Ritratto legato al progetto FRIDAS tra arte contemporanea e inclusione

Atene primo hub e un sito web come diario di viaggio

Il primo appuntamento della seconda edizione si terrà ad Atene, dal 16 al 20 marzo 2026, ospitato da Liminal. In quei giorni verrà lanciato ufficialmente il nuovo capitolo di FRIDAS, saranno avviate le attività di workshop e capacity building e si realizzerà il primo scenario del videogioco, che integrerà anche contenuti visivi e multimediali prodotti durante il progetto.

Latitudo annuncia inoltre il lancio del nuovo sito del progetto, FRIDAS, concepito come un diario di viaggio: una piattaforma informativa e al tempo stesso interattiva, giocosa e accessibile, che raccoglierà le attività della seconda edizione e i materiali della prima.

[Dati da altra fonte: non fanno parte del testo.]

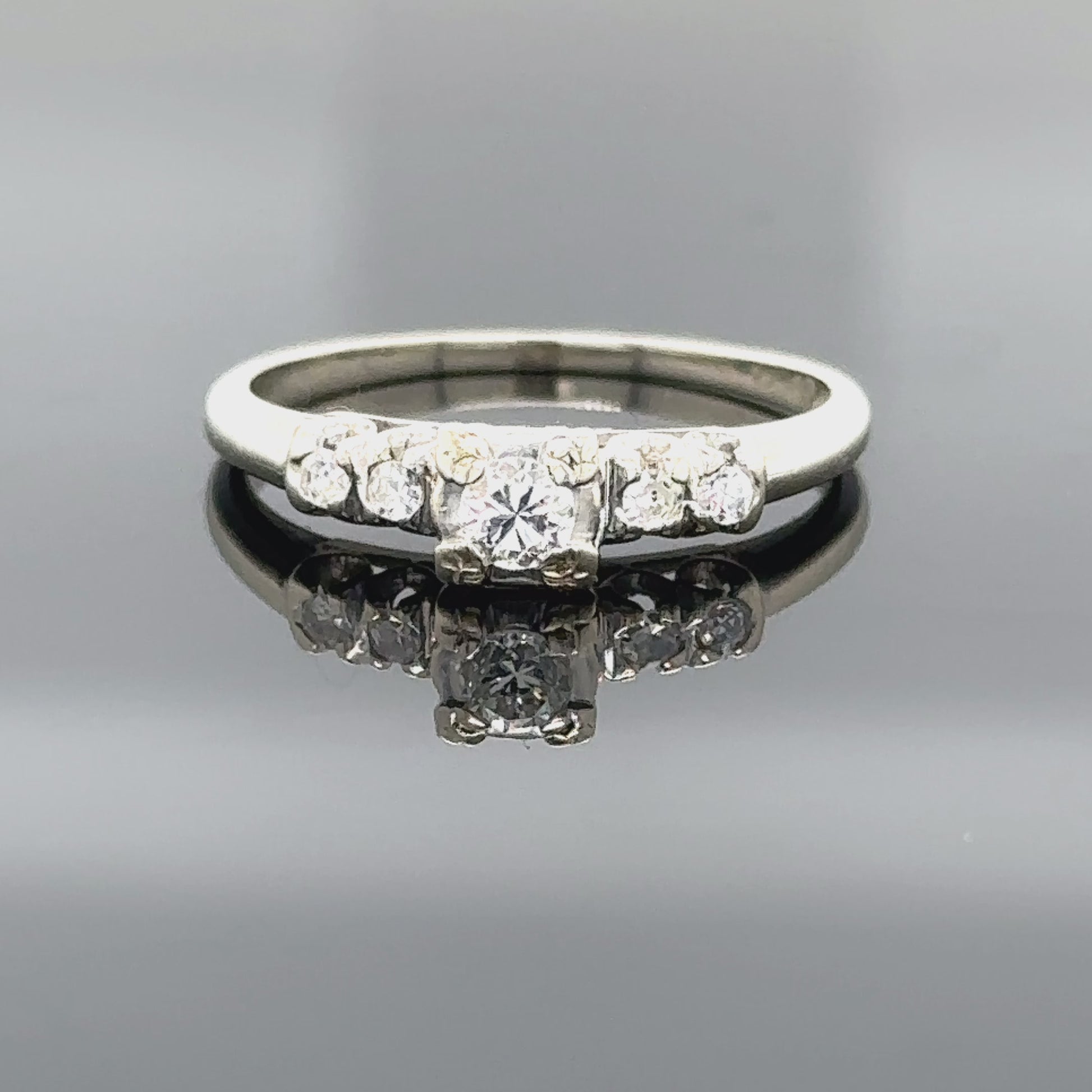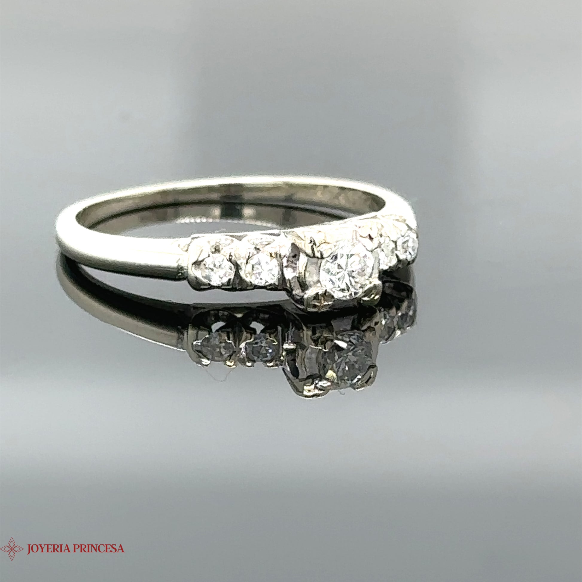 Celebre el amor verdadero con nuestro anillo de compromiso de oro blanco de 14 quilates con circonitas centrales y dos laterales. La elegancia clásica se une a la sofisticación moderna.

Dalla leggibilità dei font alla palette cromatica, fino alla struttura visiva, ogni scelta è pensata per garantire la massima fruibilità a utenti con esigenze diverse, rendendo l’inclusione una pratica concreta e non solo un obiettivo dichiarato.

Accanto ai partner principali, FRIDAS può contare su una rete di associated partners che comprende CONI, FISPES, Hrvatski ragbijaški savez, Association “Nyama nevazmozhni neshta” di Varna, Accademia di Belle Arti di Roma e FIR. Una costellazione di soggetti che conferma la volontà di costruire uno spazio in cui arte e sport si facciano strumenti di cambiamento sociale, capaci di generare nuove forme di consapevolezza, partecipazione e inclusione.